1. plug in phone & turn on
2. Run devmgt.msc (should see the phone under mobile devices with error)
3. double click on device
4 drive tab
5 install driver
6 check "install from specific location."
7 click "Don't search, I will choose the drive to install."
8 Should see list with two items:
An MTp driver
An USB driver
9. IMPORTANT - Chose the USB driver first
10. Ignore error message
11 repeat and install MTP driver this time

Don't know why, but this fixed my problem. Now I need software to sync my contact list. Any thoughts?

george


----------



## saty.martin

*Re: Samsung Trance "MTP" Device won't start (code 10)*

contact to your friend and relative who has this type of phone and connected with PC


----------



## krisitehall

*Re: Samsung Trance "MTP" Device won't start (code 10)*

I am having the same problem with mine. I have a Dell 8300 running XP 32 bit. I have tried so many drivers and troubleshooters, not to mention forums. I called verizon, they sent me to samsung who still couldn't help. Everyone says our pc's should have the driver built in. I also did all my updates as well and still nothing. I can say that when I install it as the usb and then the mtp, it does connect for about 45 seconds, then disconnects and goes back to the error code 10 again. I'm so tired of it. I've had this phone since it was released and the only way I have sync'd anything was either by speed syncing in the 45 seconds its connected or by putting the music on my mini sd. :upset:


----------



## Garnet Avi

*Re: Samsung Trance "MTP" Device won't start (code 10)*

I have this problem, seems to be a recurring issue despite no activity here since Sept.
When I first plugged my phone in, it had the appropriate response of running the hardware wizard. It showed up on WMP as having 800MB despite having a 4GB SD card inserted, so I fiddled with it. Then, every subsequent attempt to reaccess it showed no acknowledgment it was plugged in minus the battery charging. So, I searched for the problem in google.
After reading this thread and a similar, I had several observations:
1. Phone companies are bad on customer service on non-high-end phones
2. We all seem to have XP (maybe even Pro, although I don't see how that'd make a difference)
3. The drivers didn't seem to install correctly and need to be reinstalled.
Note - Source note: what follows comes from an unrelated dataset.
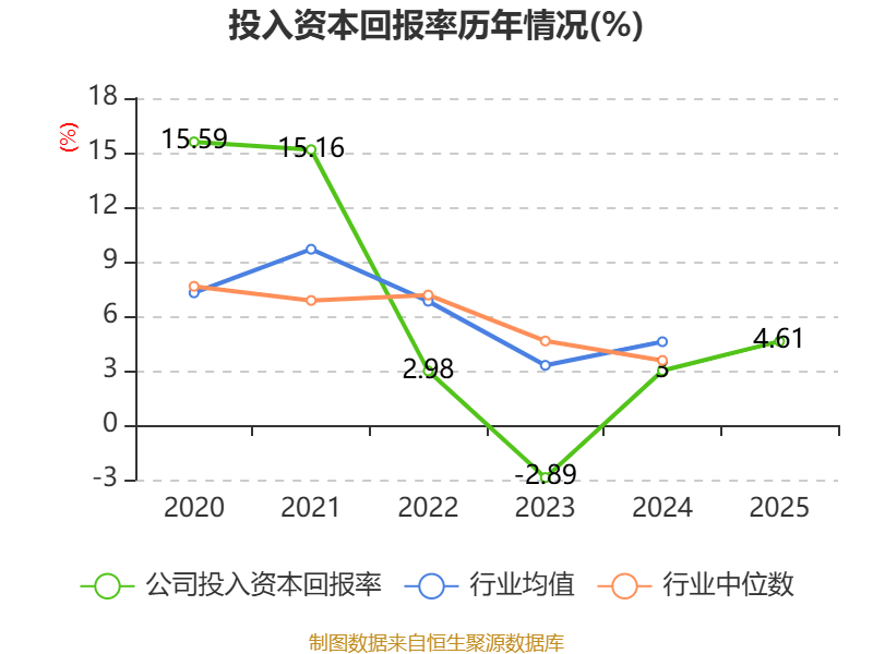 数据显示,2025年公司加权平均净资产收益率为6.56%,较上年同期上升3.17个百分点。公司2025年投入资本回报率为4.61%,较上年同期上升1.61个百分点。

Since I know no way of doing this manually (I'm decent at computers, but I don't know how to search out the correct file), I did a system restore. Then I did this:


gsmathe said:


> 5 install driver
> 6 check "install from specific location."
> 7 click "Don't search, I will choose the drive to install."
> 8 Should see list with two items:
> An MTp driver
> An USB driver
> 9. IMPORTANT - Chose the USB driver first
> 10. Ignore error message
> 11 repeat and install MTP driver this time


So far I have gotten the device to show up in WMP with my SD card capacity listed. I have gotten more than the 45 sec. mentioned by another poster and successful put almost 2 GB of music onto the phone.
I was almost afraid to unplug it, but doing so and the reconnecting it worked out okay. 
I believe that I've fixed my problem, but I'll keep you updated if it stops working or something. I hope my comments helped all of you as yours did me.
~Avi


----------



## dai

*Re: Samsung Trance "MTP" Device won't start (code 10)*

glad you appear to have it sorted and posting your fix for the problem

i will mark it solved,if it re=occurs post back here


----------



## lilahblair

This does not help me. My phone is a samsung trance and when i plug it into the front usb drive it says "connect to the pc" but the only option the phone gives me is to disconnect. pressing the music button does nothing. there are no pop-ups when i plug the phone into the computer.


----------